Discussion: Uncertainty analysis

In uncertainty analysis, we wish to quantify uncertainty about simulator outputs due to uncertainty about simulator inputs. We define \(X\) to be the uncertain true inputs, and \(f(X)\) to be the corresponding simulator output(s). In the emulator framework, \(f(.)\) is also treated as an uncertain function, and it is important to consider both uncertainty in \(X\) and uncertainty in \(f(.)\) when investigating uncertainty about \(f(X)\). In particular, it is important to distinguish between the unconditional distribution of \(f(X)\), and the distribution of \(f(X)\) conditional on \(f(.)\). For example:

  1. \(\textrm{E}[f(X)]\) is the expected value of \(f(X)\), where the expectation is taken with respect to both \(f(.)\) and \(X\). The value of this expectation can, in principle, be obtained for any emulator and input distribution.
  2. \(\textrm{E}[f(X)|f(.)]\) is the expected value of \(f(X)\), where the expectation is taken with respect to \(X\) only as \(f(.)\) is given. If \(f(.)\) is a computationally cheap function, we could, for example, obtain the value of this expectation using Monte Carlo, up to an arbitrary level of precision. However, when \(f(.)\) is computationally expensive such that we require an emulator for \(f(.)\), this expectation is an uncertain quantity. We are uncertain about the value of \(\textrm{E}[f(X)|f(.)]\), because we are are uncertain about \(f(.)\).

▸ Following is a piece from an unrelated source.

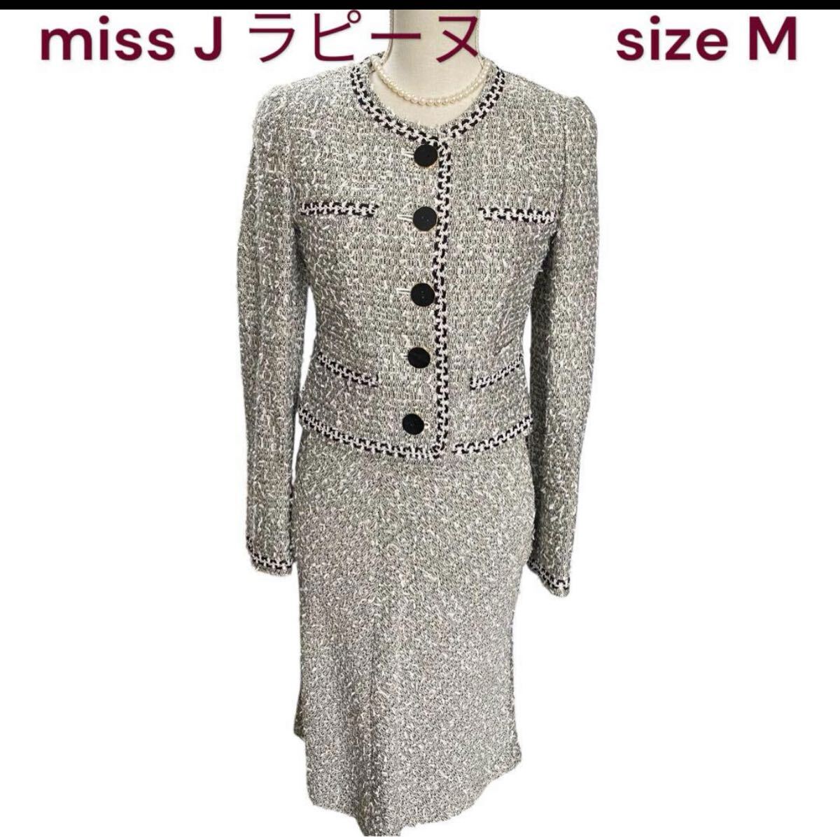 - 美品 ミスジェイ ラピーヌ ノーカラー ツイード セットアップ スーツ M、9号 miss J ラピーヌ

There is no sense in which \(\textrm{E}[f(X)]\) can be ‘wrong’: it is simply a probability statement resulting from a choice of emulator (good or bad) and input distribution. But an estimate of \(\textrm{E}[f(X)|f(.)]\) obtained using an emulator can be poor if we have a poor emulator (in the validation sense) for \(f(.)\). Alternatively, we may be very uncertain about \(\textrm{E}[f(X)|f(.)]\) if we don’t have sufficient training data for the emulator of \(f(.)\). Hence in practice, the distinction is important for considering whether we have enough simulator runs for our analysis of interest.